[Records to use]

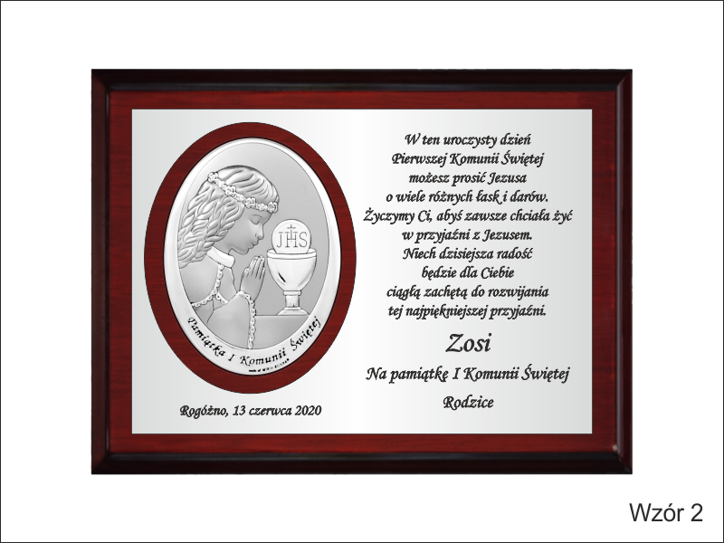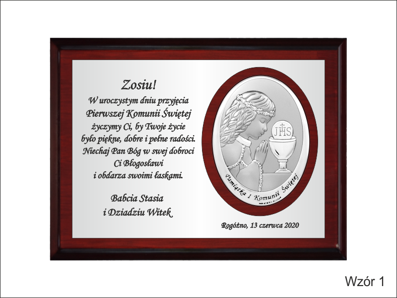 Istnieje możliwość wykonania pamiątki wg jednego z przedstawionych wzorów lub wg indywidualnych ustaleń i projektu.
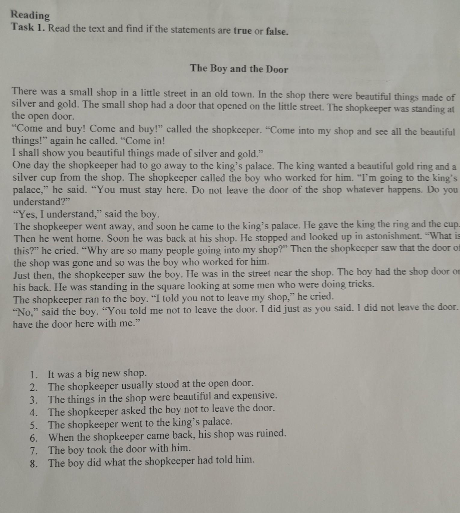 Reading Task 1. Read the text and find if the statements are true or false. The Boy and the Door There was a small shop in a little street in an old town. In the shop there were beautiful things made o silver and gold. The small shop had a door that opened on the little street. The shopkeeper was standing a the open door. "Come and buy! Come and buy!" called the shopkeeper. "Come into my shop and see all the beautifu things!" again he called. "Come in! I shall show you beautiful things made of silver and gold." One day the shopkeeper had to go away to the king's palace. The king wanted a beautiful gold ring and silver cup from the shop. The shopkeeper called the boy who worked for him. "I'm going to the king palace," he said. "You must stay here. Do not leave the door of the shop whatever happens. Do yo understand?" "Yes, I understand," said the boy. The shopkeeper went away, and soon he came to the king's palace. He gave the king the ring and the cu Then he went home. Soon he was back at his shop. He stopped and looked up in astonishment. "What this?" he cried. "Why are so many people going into my shop?" Then the shopkeeper saw that the door the shop was gone and so was the boy who worked for him. Just then, the shopkeeper saw the boy. He was in the street near the shop. The boy had the shop door his back. He was standing in the square looking at some men who were doing tricks. The shopkeeper ran to the boy. "I told you not to leave my shop," he cried. "No," said the boy. "You told me not to leave the door. I did just as you said. I did not leave the doc have the door here with me." 1. It was a big new shop. 2. The shopkeeper usually stood at the open door. 3. The things in the shop were beautiful and expensive. 4. The shopkeeper asked the boy not to leave the door. 5. The shopkeeper went to the king's palace. 6. When the shopkeeper came back, his shop was ruined. 7. The boy took the door with him. 8. The boy did what the shopkeeper had told him.
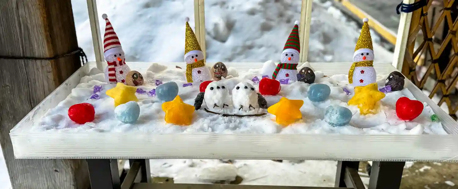 社務所には雪のシマエナガ。
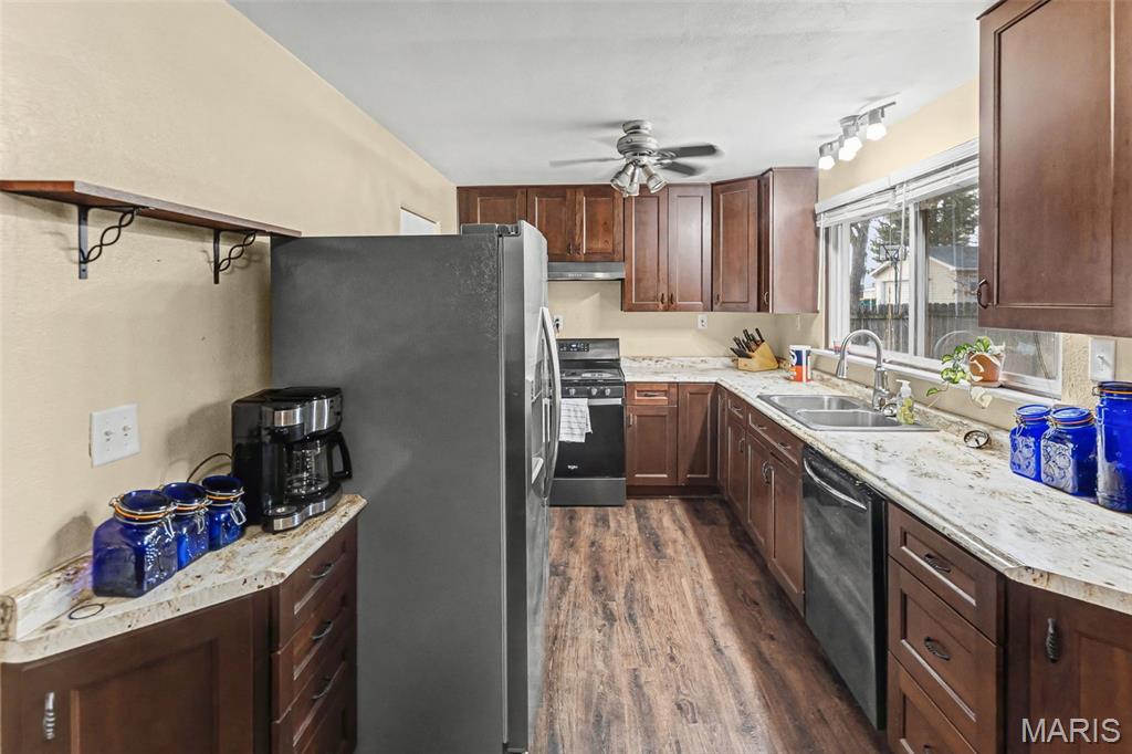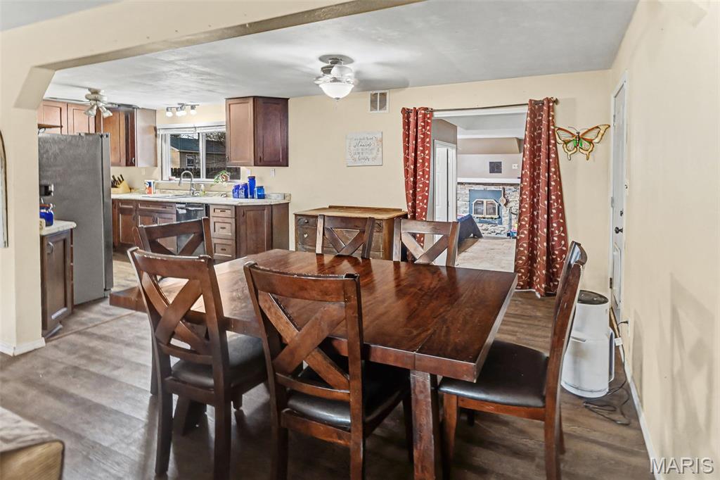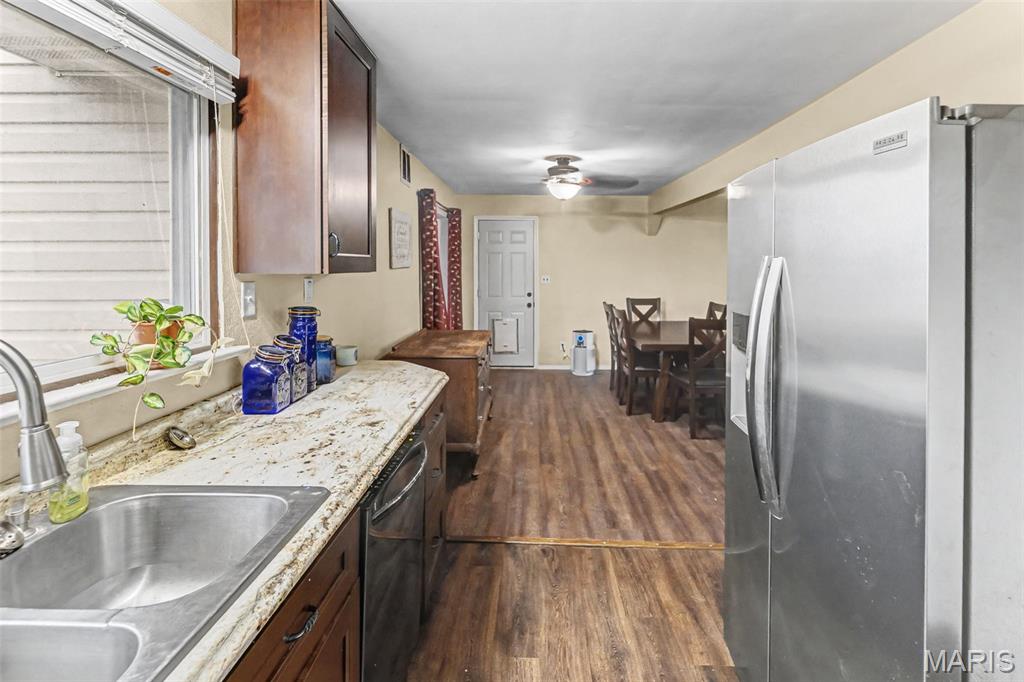 Welcome home to this beautifully updated one-story gem with a huge, fully fenced backyard! This versatile home offers 3 bedrooms, 2 full baths, a spacious living room, a family room, and dedicated dining space—perfect for both everyday living and entertaining. Major updates completed in 2022 and 2026 include siding, soffit, gutters, roof, LVP flooring throughout, interior doors, and fully updated kitchen and baths, giving this home a modern, move-in-ready feel. The eat-in kitchen features soft-close cabinetry, a walk-in pantry, gas stove, stainless steel dishwasher, and a stainless steel refrigerator (2024)—ideal for both function and style. The family room is currently being used as a fourth bedroom but easily converts back to a cozy second living space, complete with a wood-burning fireplace and egress to the backyard. Additional highlights include an attached oversized one-car garage with laundry area, utility sink, abundant storage, and attic access. Step outside to enjoy the covered back porch, perfect for entertaining, overlooking the large, private, fully fenced yard—ideal for pets, play, and gatherings. This home offers flexibility, space, and updates—don’t miss your chance to make it yours!
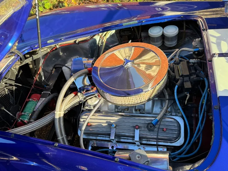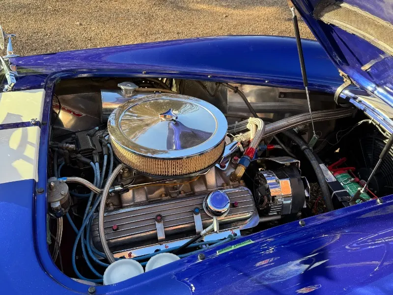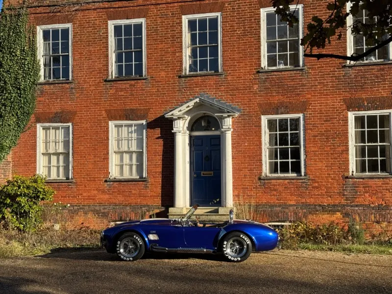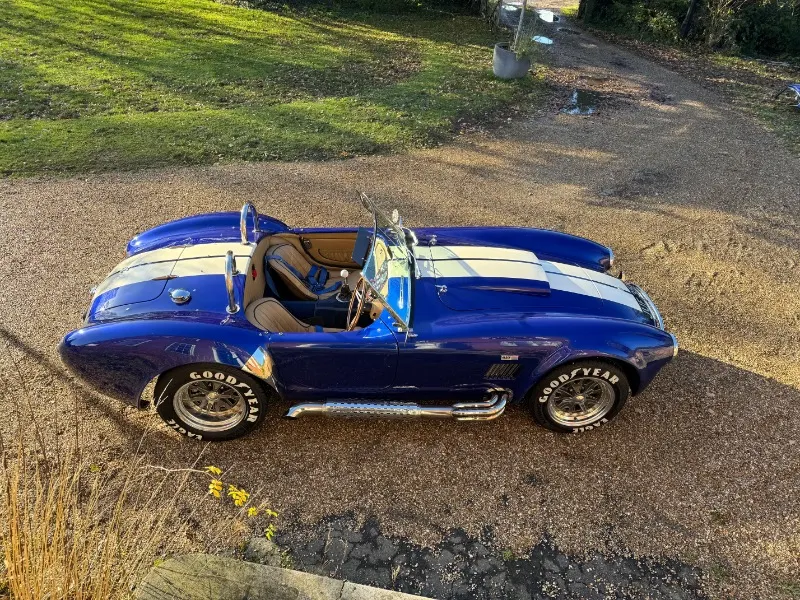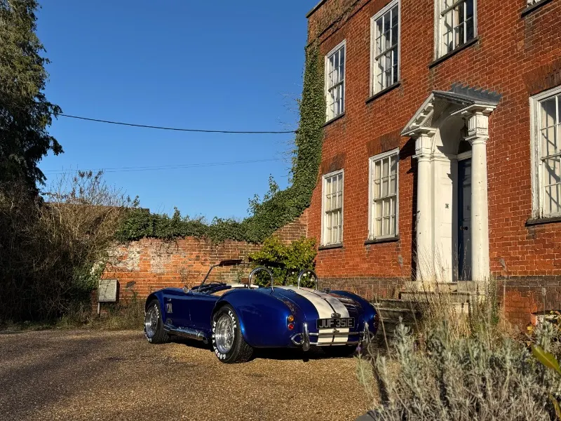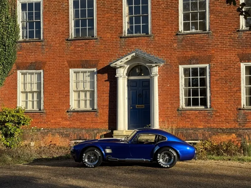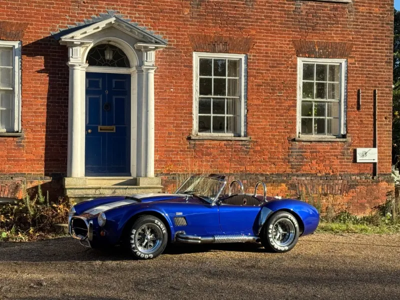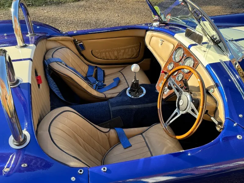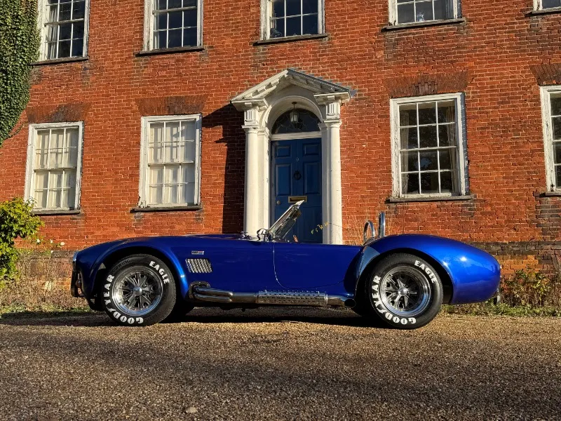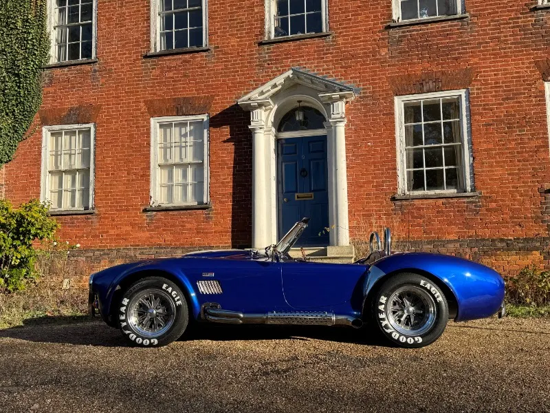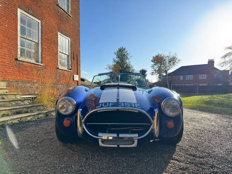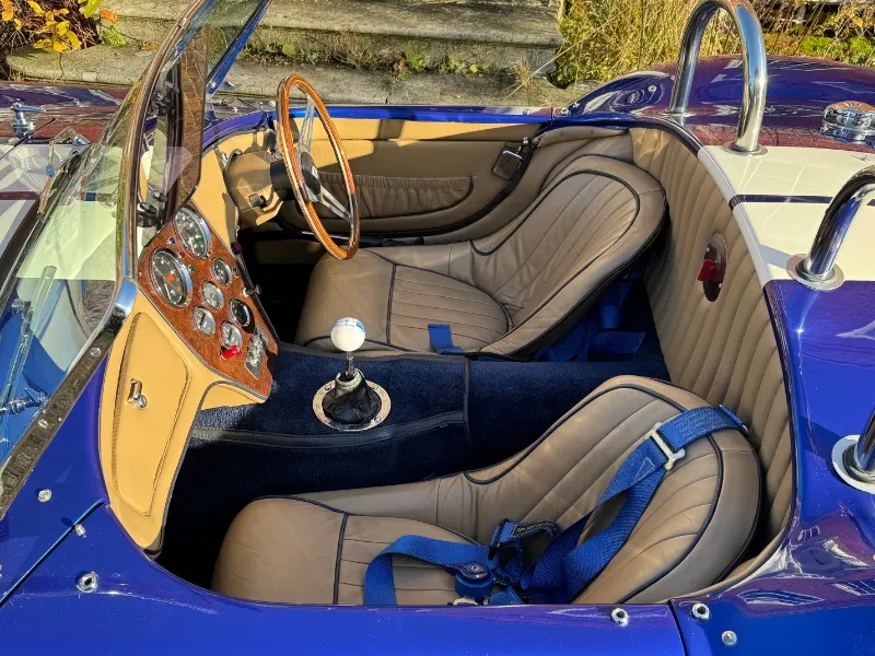 DAX COBRA + 427Hardtops fastback This superb DAX Cobra was correctly registered 21/12/1993 Only 19035 miles Finished in Imperial blue with Wimbledon white stripes Colour coded removable fastback hardtop by 427Hardtops, Grey flocked headlining, Side windows and wind deflectors. Detailed with Chrome bumpers, Stainless steel front splitter, PL700 Headlamps, Cobra badges, Chrome mirrors, Stainless steel wipers, Smoked sun visors, Chrome stone guards, Two single hoop roll bars, Chrome flip top fuel filler. 15” Compomotive Hallibrand alloy wheels with faux aluminium spinners. Tan leather interior with blue piping, Wood dash inlay, Blue wilton carpets, Moto-lita wood rim steering wheel, Smiths instruments, Lucas switches, Cobra gear knob, Willans Harness seat belts. Battery cuts off switch, Fire suppression system . Powered by a 5700cc 350ci H/O Chevrolet V8, See includes Chrome air filter, Holley 4 barrel carburettor, Performance inlet manifold, Aluminium heads, Finned polished aluminium rocker covers, HEI Distributor, Chrome alternator, Chrome pulleys, Braided hoses, Aluminium header tank, Remote oil filter and front oil cooler. Polished aluminium lined engine bay. Stainless steel headers and 4 into 1 stainless steel side pipes with heat shields, 4 Speed top loader manual gear box Powder coated DAX Tojiero chassis Jaguar differential and disc brakes all around Adjustable coil over shock suspension Large history folder with servicing and build recipes including original DAX invoices and registration paperwork Ideal for export as over 30 years since build £44995
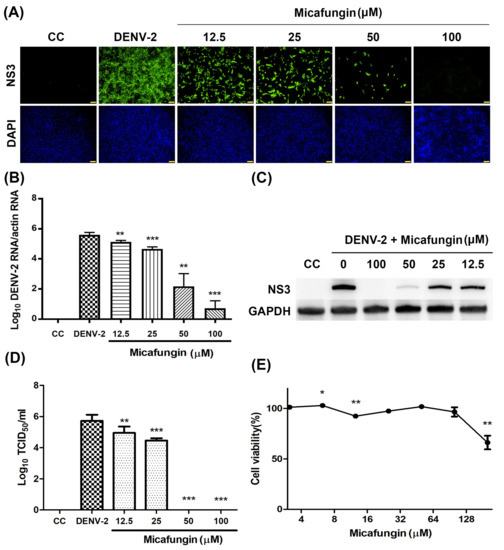 Anti-dengue virus serotype 2 (DENV-2) activity and cytotoxicity of micafungin in Vero cells: (A) DENV NS3 antibodies (upper) determined DENV-2 infection and DAPI (below) determined the nuclear by IFA; (B) RT-qPCR assay results of DENV-2 RNA; (C) Protein expression of dengue NS3 and GAPDH, as detected by Western blot analysis; (D) TCID50 assay results of DENV-2 yield; (E) Cytotoxicity of micafungin following treatment for a period of 3 days, as measured using cell viability assay. All data were obtained from at least three independent experiments, where significance was indicated as follows: * p < 0.05; ** p < 0.01; *** p < 0.001. Scale bar: 100 μM.
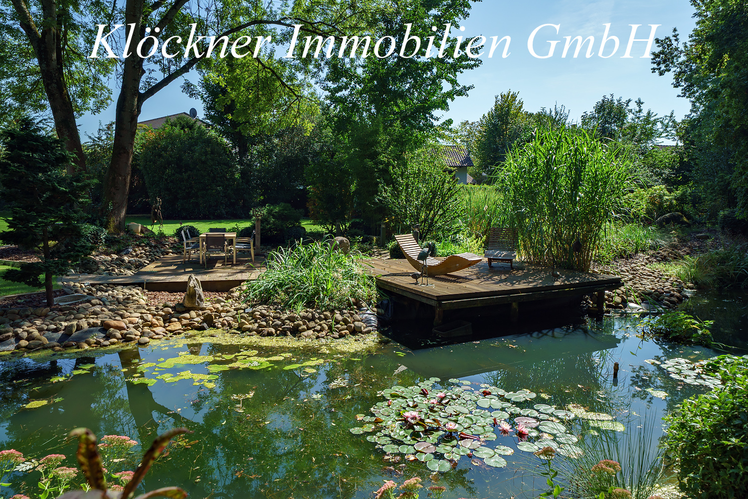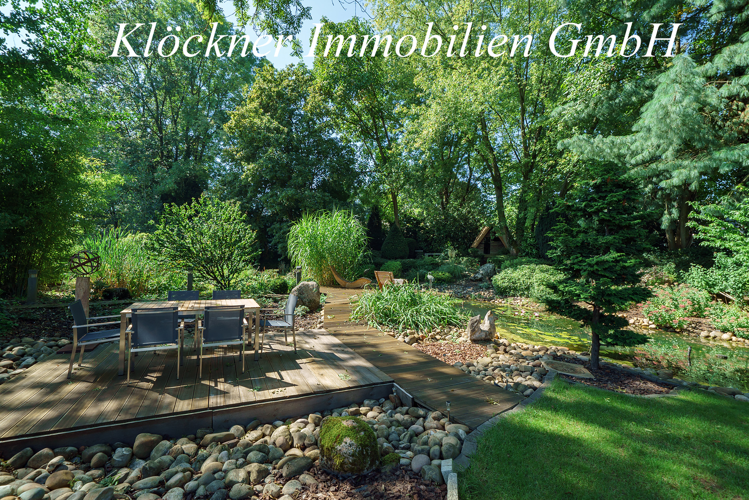 Highlight ist der hinreisend angelegte Park mit Naturteich, Sonnenterrassen und japanisch anmutendem Pflanzengarten. Komplettiert wird dieses hochwertige Domizil in ausgesprochen ruhiger Bestlage durch 3 im Haus befindliche Garagen und einer privaten Zuwegung.

[/Records to use]

▸ **The problem**: Without the pictures, return the records above exactly as written.

▸ **Task solution**:
 Istnieje możliwość wykonania pamiątki wg jednego z przedstawionych wzorów lub wg indywidualnych ustaleń i projektu.
 Reading Task 1. Read the text and find if the statements are true or false. The Boy and the Door There was a small shop in a little street in an old town. In the shop there were beautiful things made o silver and gold. The small shop had a door that opened on the little street. The shopkeeper was standing a the open door. "Come and buy! Come and buy!" called the shopkeeper. "Come into my shop and see all the beautifu things!" again he called. "Come in! I shall show you beautiful things made of silver and gold." One day the shopkeeper had to go away to the king's palace. The king wanted a beautiful gold ring and silver cup from the shop. The shopkeeper called the boy who worked for him. "I'm going to the king palace," he said. "You must stay here. Do not leave the door of the shop whatever happens. Do yo understand?" "Yes, I understand," said the boy. The shopkeeper went away, and soon he came to the king's palace. He gave the king the ring and the cu Then he went home. Soon he was back at his shop. He stopped and looked up in astonishment. "What this?" he cried. "Why are so many people going into my shop?" Then the shopkeeper saw that the door the shop was gone and so was the boy who worked for him. Just then, the shopkeeper saw the boy. He was in the street near the shop. The boy had the shop door his back. He was standing in the square looking at some men who were doing tricks. The shopkeeper ran to the boy. "I told you not to leave my shop," he cried. "No," said the boy. "You told me not to leave the door. I did just as you said. I did not leave the doc have the door here with me." 1. It was a big new shop. 2. The shopkeeper usually stood at the open door. 3. The things in the shop were beautiful and expensive. 4. The shopkeeper asked the boy not to leave the door. 5. The shopkeeper went to the king's palace. 6. When the shopkeeper came back, his shop was ruined. 7. The boy took the door with him. 8. The boy did what the shopkeeper had told him.
 社務所には雪のシマエナガ。
 Welcome home to this beautifully updated one-story gem with a huge, fully fenced backyard! This versatile home offers 3 bedrooms, 2 full baths, a spacious living room, a family room, and dedicated dining space—perfect for both everyday living and entertaining. Major updates completed in 2022 and 2026 include siding, soffit, gutters, roof, LVP flooring throughout, interior doors, and fully updated kitchen and baths, giving this home a modern, move-in-ready feel. The eat-in kitchen features soft-close cabinetry, a walk-in pantry, gas stove, stainless steel dishwasher, and a stainless steel refrigerator (2024)—ideal for both function and style. The family room is currently being used as a fourth bedroom but easily converts back to a cozy second living space, complete with a wood-burning fireplace and egress to the backyard. Additional highlights include an attached oversized one-car garage with laundry area, utility sink, abundant storage, and attic access. Step outside to enjoy the covered back porch, perfect for entertaining, overlooking the large, private, fully fenced yard—ideal for pets, play, and gatherings. This home offers flexibility, space, and updates—don’t miss your chance to make it yours!
 DAX COBRA + 427Hardtops fastback This superb DAX Cobra was correctly registered 21/12/1993 Only 19035 miles Finished in Imperial blue with Wimbledon white stripes Colour coded removable fastback hardtop by 427Hardtops, Grey flocked headlining, Side windows and wind deflectors. Detailed with Chrome bumpers, Stainless steel front splitter, PL700 Headlamps, Cobra badges, Chrome mirrors, Stainless steel wipers, Smoked sun visors, Chrome stone guards, Two single hoop roll bars, Chrome flip top fuel filler. 15” Compomotive Hallibrand alloy wheels with faux aluminium spinners. Tan leather interior with blue piping, Wood dash inlay, Blue wilton carpets, Moto-lita wood rim steering wheel, Smiths instruments, Lucas switches, Cobra gear knob, Willans Harness seat belts. Battery cuts off switch, Fire suppression system . Powered by a 5700cc 350ci H/O Chevrolet V8, See includes Chrome air filter, Holley 4 barrel carburettor, Performance inlet manifold, Aluminium heads, Finned polished aluminium rocker covers, HEI Distributor, Chrome alternator, Chrome pulleys, Braided hoses, Aluminium header tank, Remote oil filter and front oil cooler. Polished aluminium lined engine bay. Stainless steel headers and 4 into 1 stainless steel side pipes with heat shields, 4 Speed top loader manual gear box Powder coated DAX Tojiero chassis Jaguar differential and disc brakes all around Adjustable coil over shock suspension Large history folder with servicing and build recipes including original DAX invoices and registration paperwork Ideal for export as over 30 years since build £44995
 Anti-dengue virus serotype 2 (DENV-2) activity and cytotoxicity of micafungin in Vero cells: (A) DENV NS3 antibodies (upper) determined DENV-2 infection and DAPI (below) determined the nuclear by IFA; (B) RT-qPCR assay results of DENV-2 RNA; (C) Protein expression of dengue NS3 and GAPDH, as detected by Western blot analysis; (D) TCID50 assay results of DENV-2 yield; (E) Cytotoxicity of micafungin following treatment for a period of 3 days, as measured using cell viability assay. All data were obtained from at least three independent experiments, where significance was indicated as follows: * p < 0.05; ** p < 0.01; *** p < 0.001. Scale bar: 100 μM.
 Highlight ist der hinreisend angelegte Park mit Naturteich, Sonnenterrassen und japanisch anmutendem Pflanzengarten. Komplettiert wird dieses hochwertige Domizil in ausgesprochen ruhiger Bestlage durch 3 im Haus befindliche Garagen und einer privaten Zuwegung.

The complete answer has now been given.